NCAA Agrees to $2.8 Billion Revenue Share with Athletes in Historic Settlement
The way collegiate sports look, feel and operate has very likely changed overnight after the NCAA agreed to a $2.8 billion settlement that will pay past and present athletes from a revenue share model.
For past players this settlement will attempt to make whole athletes who missed out on NIL money from 2016 and onwards, which will be paid out over a 10-year period.
Perhaps the most important part of this settlement is that each conference will be able to share its television revenue money with its athletes directly. This could come into effect as soon as fall of 2025 and include up to $21 million per power conference school. Those schools could then distribute that money as they see fit.
The NCAA will cover 41-percent of the costs of the settlement while the power conferences will pitch in 24-percent of the costs. Meanwhile, the Group of 5 conferences will cover 10-percent while the second division of Division I football and non-football D-1 schools will pick up the rest of the tab.

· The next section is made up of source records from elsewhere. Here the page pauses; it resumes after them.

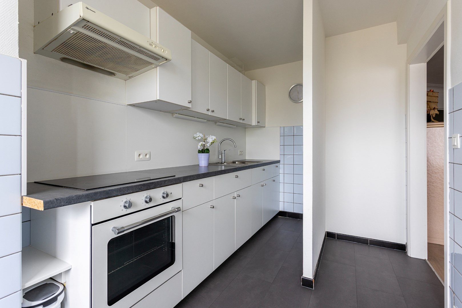 Aansluitend bevindt zich de aparte, functionele keuken met veel bergruimte, voorzien van een kookplaat, dampkap, oven en spoelbak en plaats voor een vrijstaande koelkast.
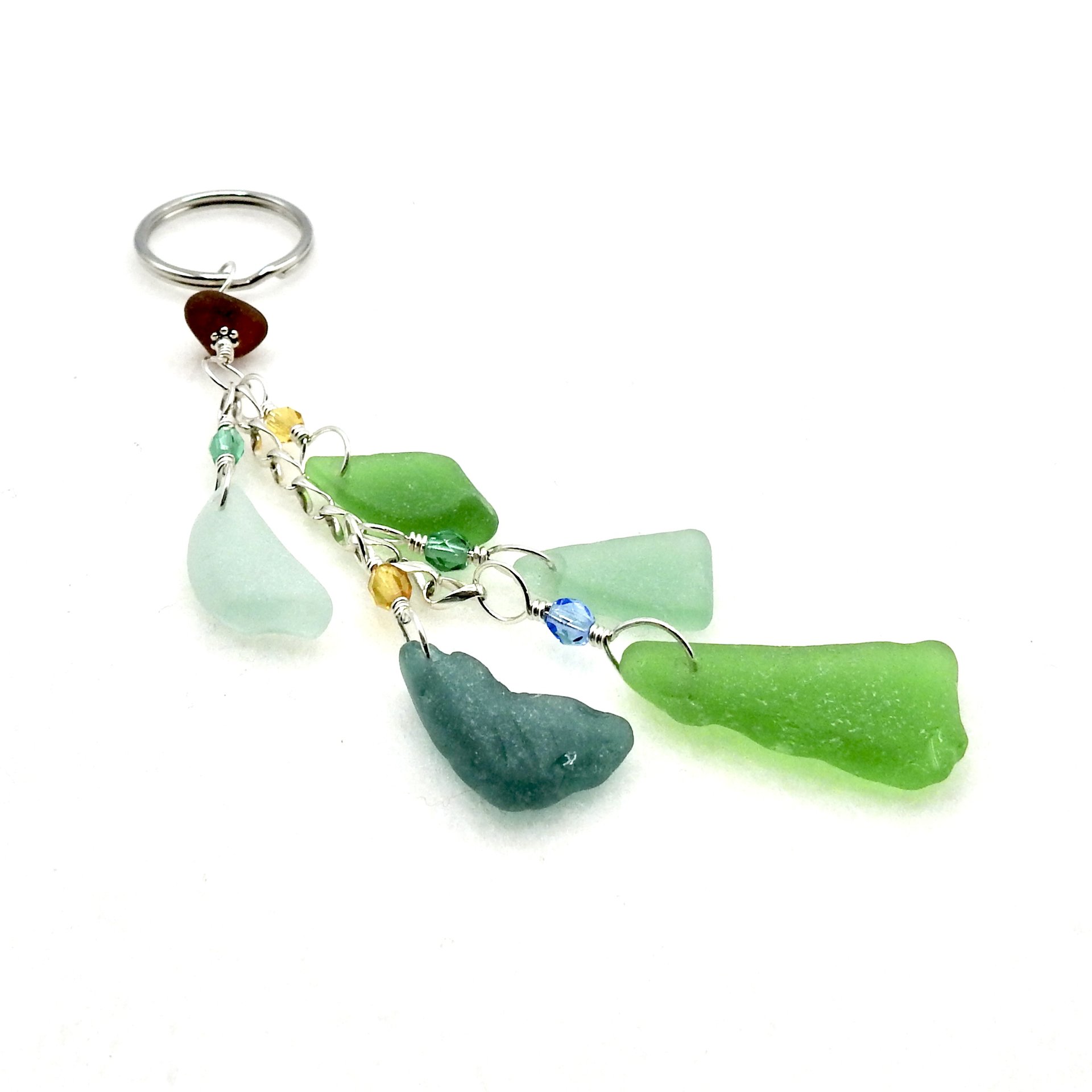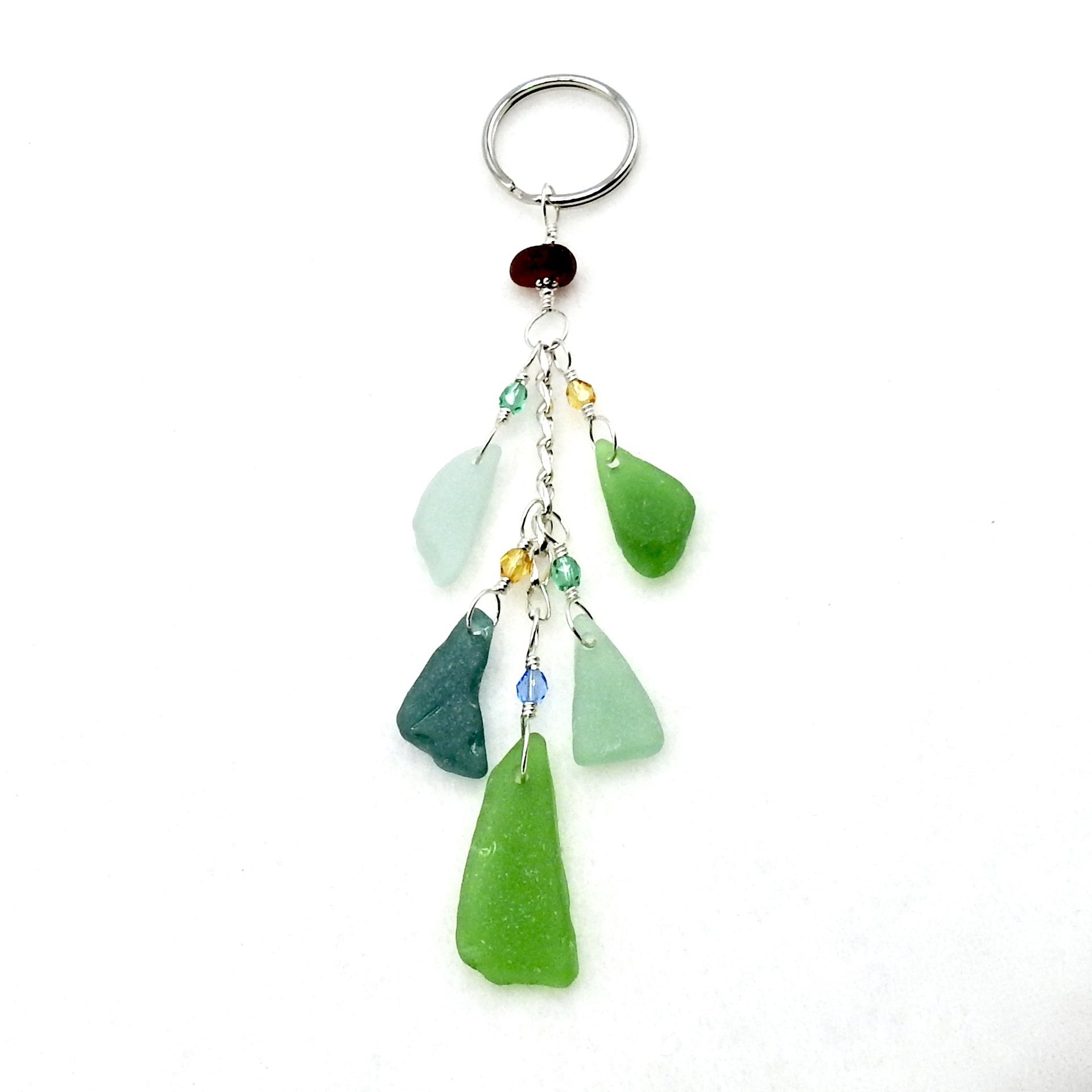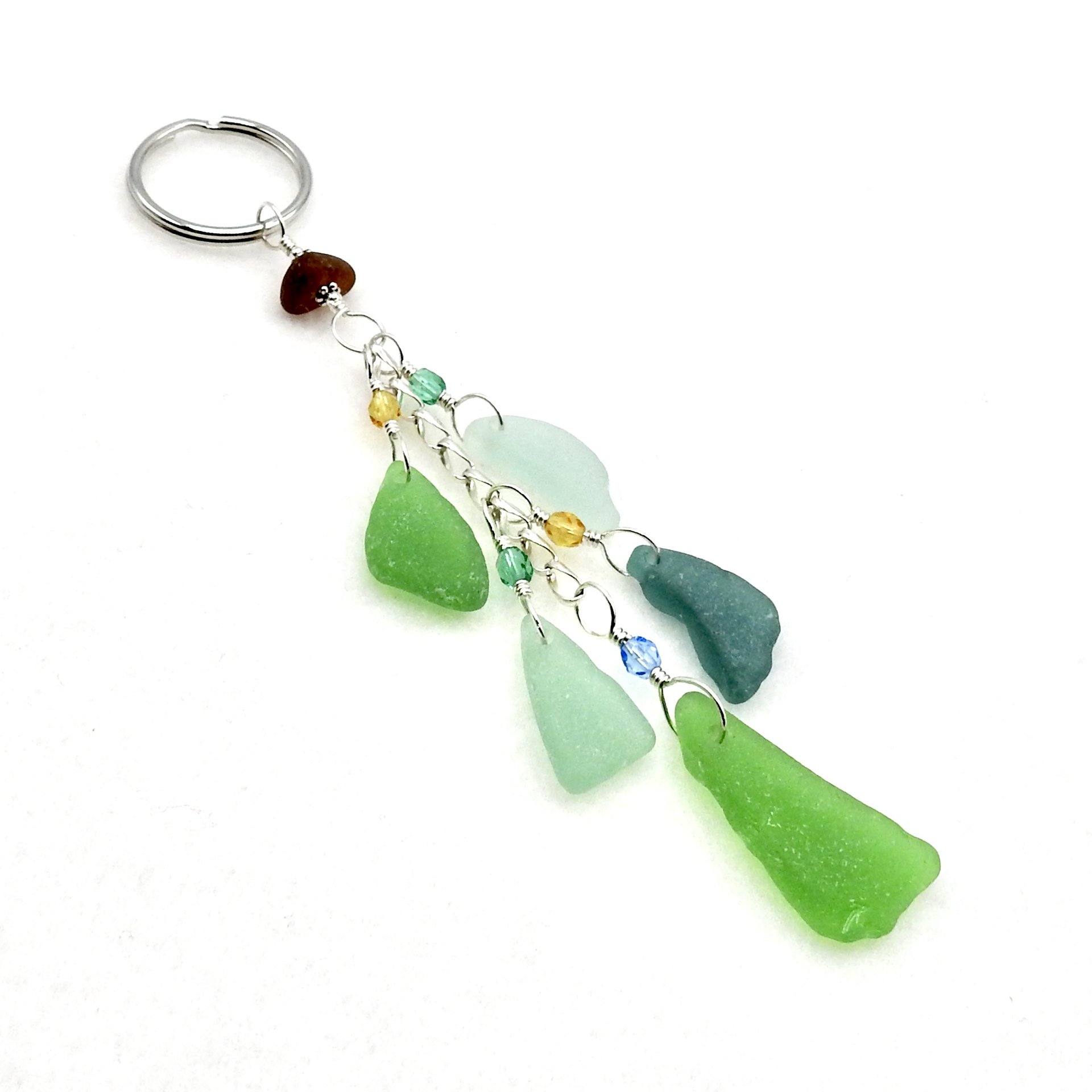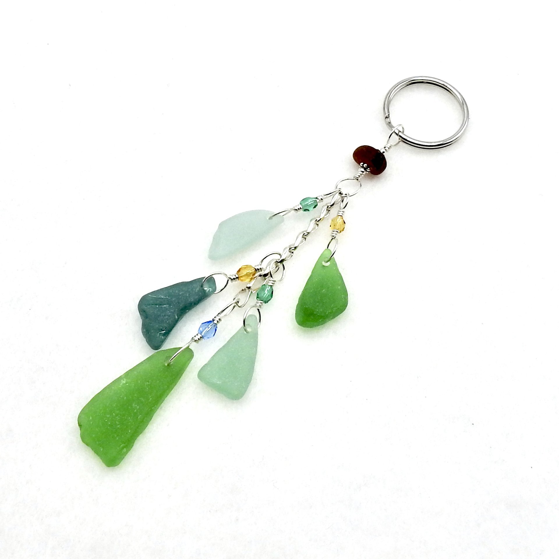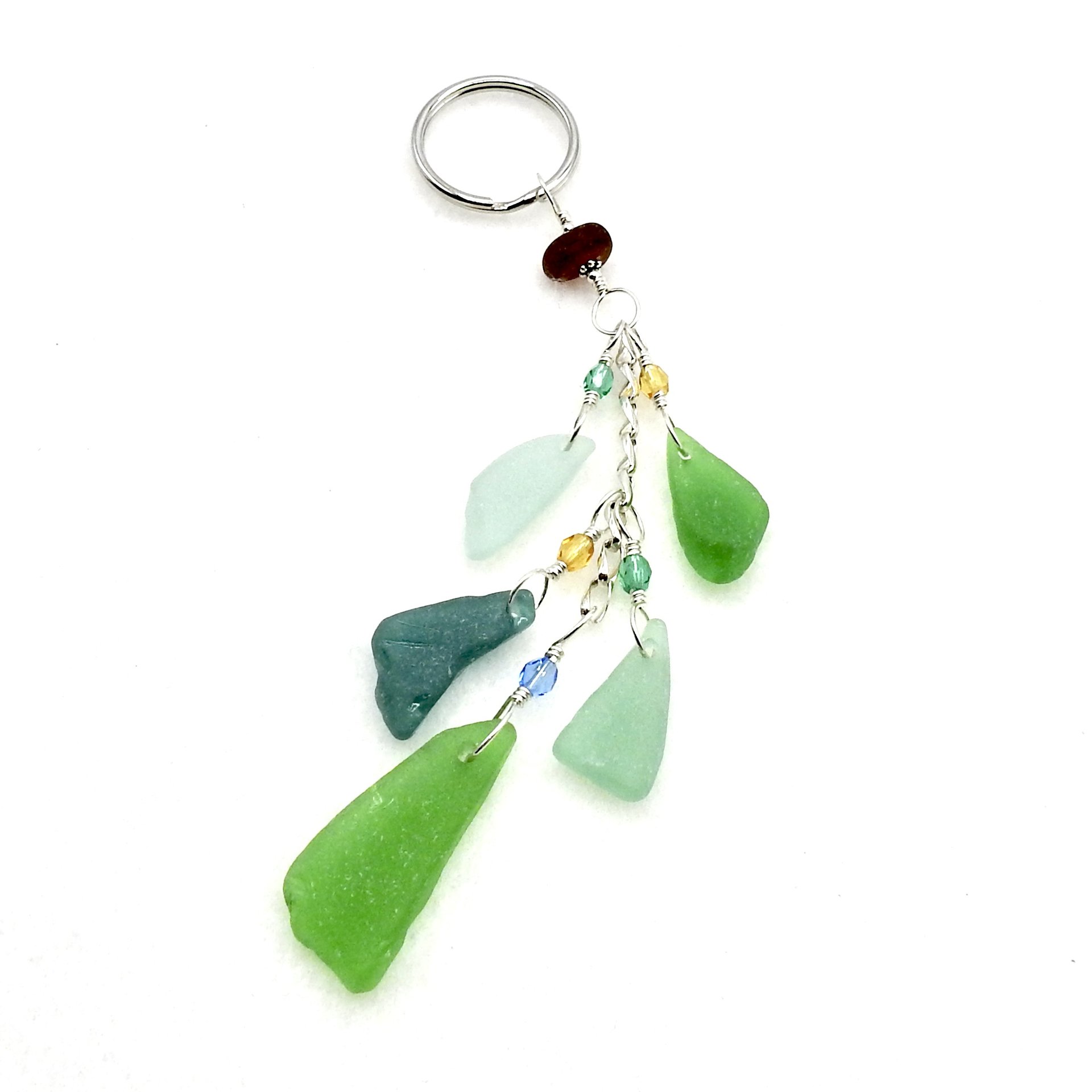 A multi charm long dangly keychain, handcrafted with genuine sea glass in shades of teal, sea foam, green and brown with tiny colourful glass accent beads.
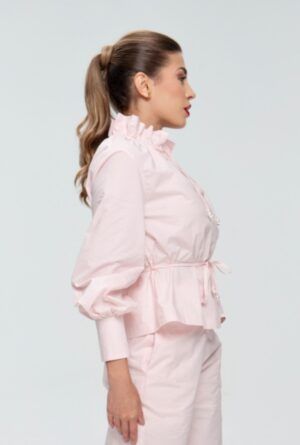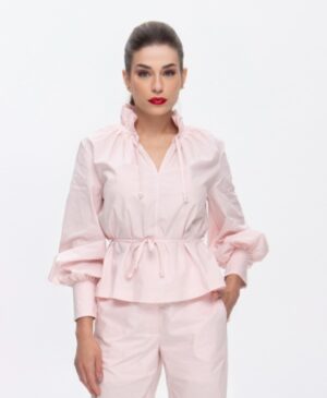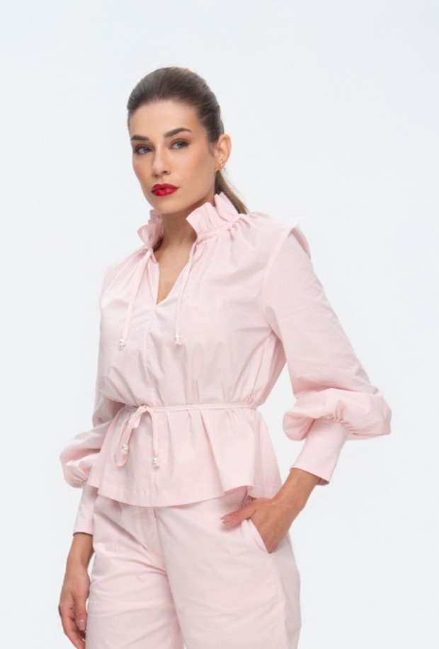 Essa blusa em tom rosa é confeccionada em tecido 100% algodão, com toque macio e caimento impecável. O diferencial está no decote franzido com amarração e ponteiras de pérola, que traz um ar romântico e moderno na medida certa.
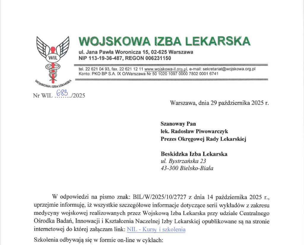 Okręgowa Izba Lekarska w Warszawie serdecznie zaprasza lekarzy i lekarzy dentystów do uczestnictwa w XXII Mistrzostwach Polski Lekarzy i VI Mistrzostwach Polski Lekarzy Oldboyów w piłce siatkowej, które odbędą się 14-15 listopada 2025 r. Harmonogram wydarzenia 14 listopada 2025 r. – inauguracja mistrzostw podczas Gali Komisji Sportu OIL, która rozpocznie się o godz. 18.00 na stadionie Legii Warszawa (ul. Łazienkowska 3). 15 listopada 2025 r. – turniej od godz. 9.00 w hali GOSiR Stare Babice (ul. Południowa 2B, Zielonki-Parcela) Zgłoszenia Zespoły należy zgłaszać do 30 października 2025 r., przesyłając: nazwę zespołu, imienną listę zawodników (wraz z wyszczególnieniem zawodników, którzy wezmą udział w inauguracji Mistrzostw 14 listopada), dokładny adres Okręgowej Izby Lekarskiej, numer telefonu kierownika drużyny. Zgłoszenia prosimy przesyłać na adres: krzysztofmakuch@hipokrates.org Wpisowe: 100 zł od uczestnika – płatne do 30 października 2025 r. na konto OIL w Warszawie z dopiskiem „MPL SIATKÓWKA + nazwa zespołu” Numer konta: 27 1240 6247 1111 0000 4974 2369 Kontakt i informacje: Krzysztof Makuch, tel. 608 200 190, krzysztofmakuch@hipokrates.org https://izba-lekarska.pl/wydarzenia/wydarzenia-sportowe/siatkowka/xxii-mistrzostwa-polski-lekarzy-i-v-mistrzostwa-polski-lekarzy-oldboyow-w-pilce-siatkowej.html

On the surface it looks like an equitable move. However, it will change the way collegiate athletics operates all the way down to recruitment.
One of the largest concerns is how these schools will allocate money to respective sports. Many are worried that the "smaller" sports may be on the outside looking in at many schools when it comes to funding. This could lead to program cuts while the focus remains heavily on the revenue drivers such as football and baseball.
It will also give the wealthiest schools an even greater advantage than they already have when it comes to recruiting the top talent, which will only widen the divide between the top programs and the smaller schools hoping to compete in the landscape.
The long-term effects of this historic settlement remain to be seen but the way athletes get recruited and how they get paid has forever changed.